Und unter den 801 waren 35, die zum Zeitpunkt der ersten Blutprobe EBV-seronegativ und gesund gewesen waren, sich aber irgendwann infizierten - was zusätzlich für eine entscheidende Rolle von EBV spricht.
Allerdings ist aber eben auch schon sehr lange bekannt, dass sich im Laufe des Lebens fast jeder Mensch mit EBV infiziert, die allermeisten aber trotzdem nicht krank werden.
Weitere Risikofaktoren für MS
„Die Daten der vergangenen 20 Jahre zur Ursache der MS besagen, dass es einen komplexen genetischen Hintergrund gibt, der zur MS prädisponiert“, sagt Roland Martin, Gruppenleiter Neuroimmunologie und Multiple Sklerose am Universitätsspital Zürich. Das sind hauptsächlich bestimme Varianten von sogenannten MHC-Genen, aber auch andere Erbanlagen, die allerdings fast durchweg Proteine des Immunsystems kodieren. Wer hier Risikogene hat und zusätzlich raucht, erhöht das eigene MS-Risiko weiter, je nach Studie um einen Faktor zwischen drei und mehr als zwölf. Andere bekannte oder als sehr wahrscheinlich geltende Risikofaktoren sind niedrige Vitamin-D-Versorgung, starkes Übergewicht im Jugendalter und gestörter Tag-Nacht-Rhythmus.
Impfung gegen EBV?
Wenn ohne das Virus allerdings fast ausgeschlossen wäre, dass die Krankheit ausbricht, läge es nahe zu versuchen, Menschen vor einer Infektion zu schützen, etwa durch eine Impfung.
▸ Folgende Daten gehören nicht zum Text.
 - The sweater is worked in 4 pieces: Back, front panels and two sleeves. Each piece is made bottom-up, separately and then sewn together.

Hier sind sich Fachleute alles andere als einig. Allein der Schluss, dass man EBV nun als den eigentlichen Auslöser der Krankheit ansehen könne, so der Neuroimmunologe Martin gegenüber dem Tagesspiegel, gehe zu weit, „zumal bei einem Virus, das ohnehin fast jeder hat“. Allerdings sei bei EBV zusätzlich bekannt, dass es Tumorerkrankungen auslösen könne und auch bei bestimmten Demenzen eine Rolle spielen dürfte.
„Eine Impfung würde aber nur wirken, wenn sie sehr früh im Kindesalter, vor dem ersten Kontakt mit EBV, gegeben und auch wirklich jegliche Infektion verhindern würde.“ Wenn eine solche irgendwann auf den Markt käme - was bisher nicht abzusehen ist - müsste sie sehr breit angewandt werden. Und ob - oder wie gut - sie wirklich MS verhindert, würde man erst Jahrzehnte später wirklich wissen.
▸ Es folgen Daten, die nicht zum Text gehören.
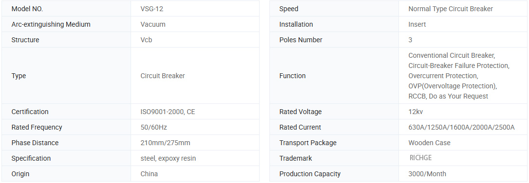 VSG-12 Тип Внутреннего Высокого напряжения выключатель вакуумной цепи используется пружина для энергии хранения. Рабочий механизм может работать с двумя способами, с помощью ручной и электроэнергии, характеристики соответствуют GB1984-2003 высокого напряжения, выключатель с цепи переменного тока JB3855-1996 3,6-4,5 кВ в внутреннем схеме переменного тока.

Doch auch eine spätere Impfung könnte vielleicht zumindest die Häufigkeit von MS in der Bevölkerung reduzieren. Denn ein erhöhtes Risiko, die Krankheit zu entwickeln, haben Menschen, die sich erst im Jugend- oder frühen Erwachsenenalter mit EBV infizieren. Sie erkranken dann verhältnismäßig häufig an von EBV ausgelöstem Pfeifferschen Drüsenfieber - was dann seinerseits das Risiko, irgendwann MS zu bekommen, deutlich erhöht. Eine Vakzine, die das Drüsenfieber verhindert, sollte also zumindest dieses Zusatzrisiko eliminieren. Doch nicht einmal das ist sicher.